Task to complete:
Nothing in the entries may change when you repeat them, and no images may appear.

Stored dataset items:
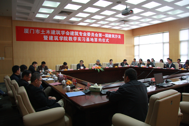 厦门市土木建筑学会建筑专业委员会第一届建筑沙龙暨建筑学院教学实习基地签约仪式昨日下午在华侨大学厦门校区王源兴国际会议中心举行。厦门市建设局副局长、厦门市土木建筑学会理事长林树枝,厦门市规划局副局长、厦门市土木建筑学会建筑专业委员会副主任吴振志,厦门市建设局科技处处长、厦门市厦门市土木建筑学会秘书长何庆丰等领导、专家学者出席。
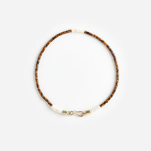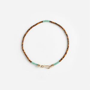 Combinations of aquamarine, coral, tigers eye and pearl beads assembled together and closed with a brass clasp.
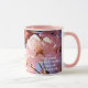 Flores de sakura rosa adoráveis, flores de cerejeira japonesas. Fundo rosa suave e azul. Jogo de luz. Caneca de café personalizável linda. Você pode mudar a imagem e pode mudar ou excluir o texto do haicai do modelo. Você pode transferir este design para uma variedade de outros produtos, incluindo caneca de latte, xícara de vidro, jarro, bule de chá, tigela de chili, pote de doces, garrafas de água, velas. Basta escolher o produto na opção rolável "Transferir design para um produto". Não se esqueça de usar o botão "Personalizar" ou "Editar design", ou o link azul "Detalhes" --> "Clique para personalizar ainda mais" --> "PREENCHER/AJUSTAR" para AJUSTAR O DESIGN AO TAMANHO E FORMA do produto, para girá-lo, para mudar a posição, tipo, cor da fonte ou
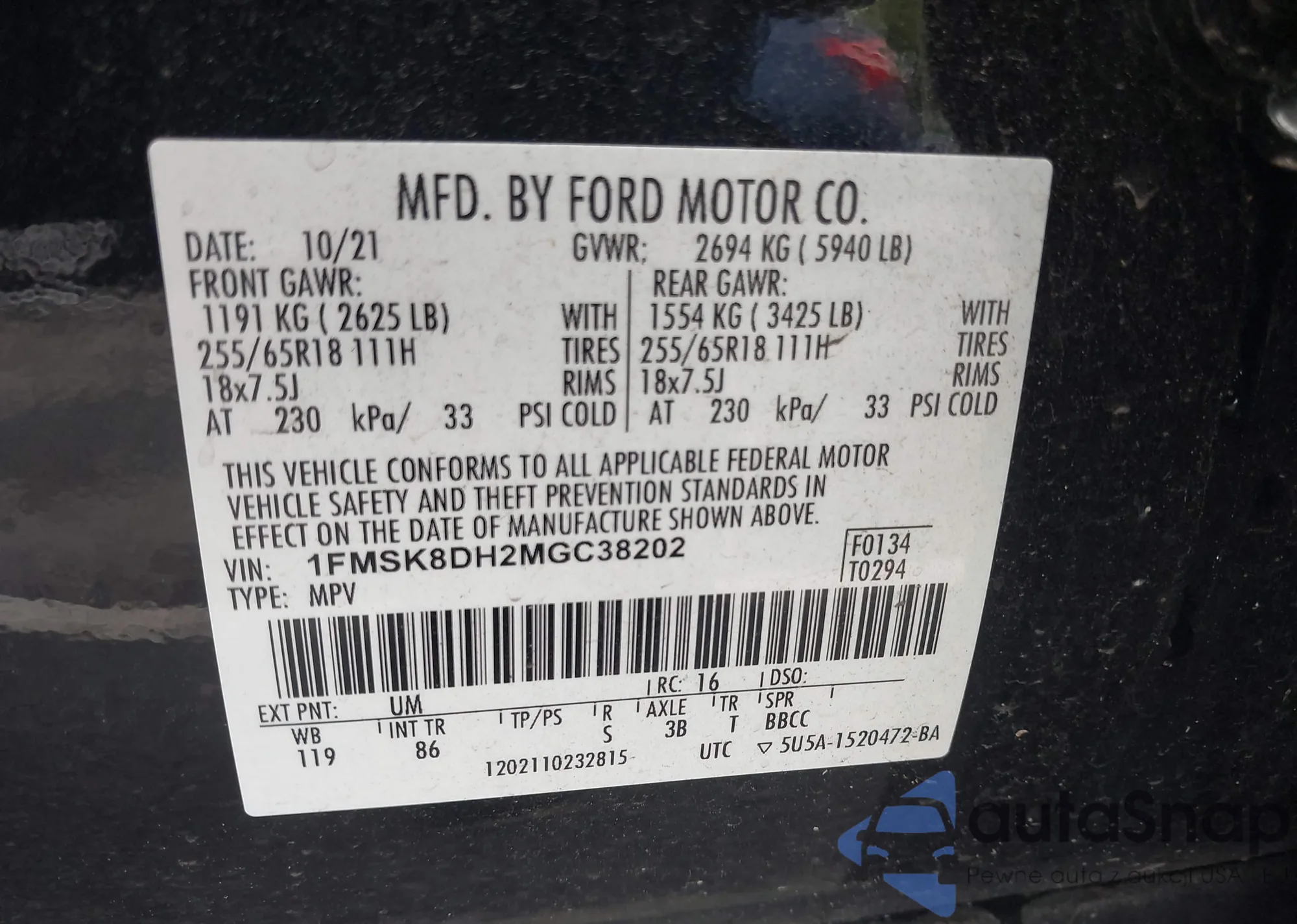 VIN: 1FMSK8DH2MGC38202
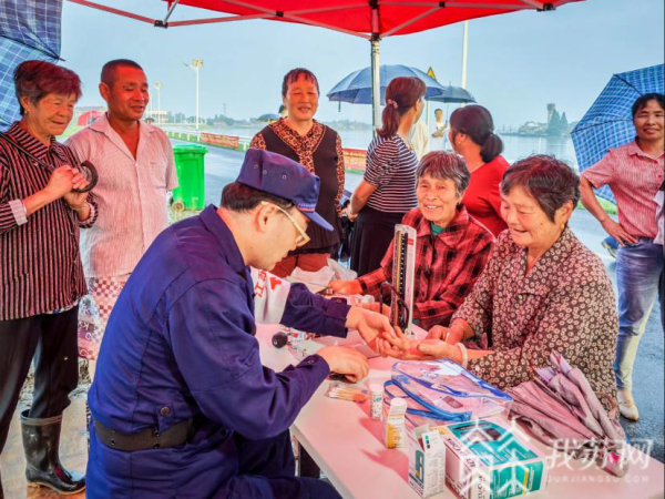 每到傍晚,堤坝帐篷前群众都会排起长队,有测量血压心律的、有问诊寻药的,老人们不时发出喜悦的笑声,为这支边抗洪、边助民的“火焰蓝”队伍竖起大拇指。
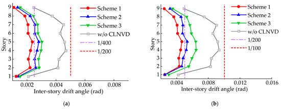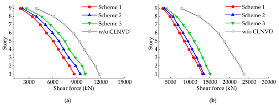 Figure 18 and Figure 19 reveal the structure’s inter-story displacement as well as story shear force under three different schemes. As shown in Figure 18, the CLNVD of Scheme 1 reduces the maximum of the structure’s inter-story displacement angle from 1/200 to 1/400 under fortification earthquakes, and from 1/100 to 1/200 under rare earthquakes, meeting the set goals. The inter-story displacement of all floors except for the ground floor has been reduced by almost 50%. From Figure 19, we can draw a conclusion that the shear force of each floor falls to a certain extent, while the magnitude of the decrease is different from the magnitude of the decrease in inter-story displacement. As is shown in Figure 17b, this is due to the positive stiffness effect and large damping effect of the CLNVD under fortification earthquakes and the negative stiffness effect and large damping effect under rare earthquakes.

The answer:
 厦门市土木建筑学会建筑专业委员会第一届建筑沙龙暨建筑学院教学实习基地签约仪式昨日下午在华侨大学厦门校区王源兴国际会议中心举行。厦门市建设局副局长、厦门市土木建筑学会理事长林树枝,厦门市规划局副局长、厦门市土木建筑学会建筑专业委员会副主任吴振志,厦门市建设局科技处处长、厦门市厦门市土木建筑学会秘书长何庆丰等领导、专家学者出席。
 Combinations of aquamarine, coral, tigers eye and pearl beads assembled together and closed with a brass clasp.
 Flores de sakura rosa adoráveis, flores de cerejeira japonesas. Fundo rosa suave e azul. Jogo de luz. Caneca de café personalizável linda. Você pode mudar a imagem e pode mudar ou excluir o texto do haicai do modelo. Você pode transferir este design para uma variedade de outros produtos, incluindo caneca de latte, xícara de vidro, jarro, bule de chá, tigela de chili, pote de doces, garrafas de água, velas. Basta escolher o produto na opção rolável "Transferir design para um produto". Não se esqueça de usar o botão "Personalizar" ou "Editar design", ou o link azul "Detalhes" --> "Clique para personalizar ainda mais" --> "PREENCHER/AJUSTAR" para AJUSTAR O DESIGN AO TAMANHO E FORMA do produto, para girá-lo, para mudar a posição, tipo, cor da fonte ou
 VIN: 1FMSK8DH2MGC38202
 每到傍晚,堤坝帐篷前群众都会排起长队,有测量血压心律的、有问诊寻药的,老人们不时发出喜悦的笑声,为这支边抗洪、边助民的“火焰蓝”队伍竖起大拇指。
 Figure 18 and Figure 19 reveal the structure’s inter-story displacement as well as story shear force under three different schemes. As shown in Figure 18, the CLNVD of Scheme 1 reduces the maximum of the structure’s inter-story displacement angle from 1/200 to 1/400 under fortification earthquakes, and from 1/100 to 1/200 under rare earthquakes, meeting the set goals. The inter-story displacement of all floors except for the ground floor has been reduced by almost 50%. From Figure 19, we can draw a conclusion that the shear force of each floor falls to a certain extent, while the magnitude of the decrease is different from the magnitude of the decrease in inter-story displacement. As is shown in Figure 17b, this is due to the positive stiffness effect and large damping effect of the CLNVD under fortification earthquakes and the negative stiffness effect and large damping effect under rare earthquakes.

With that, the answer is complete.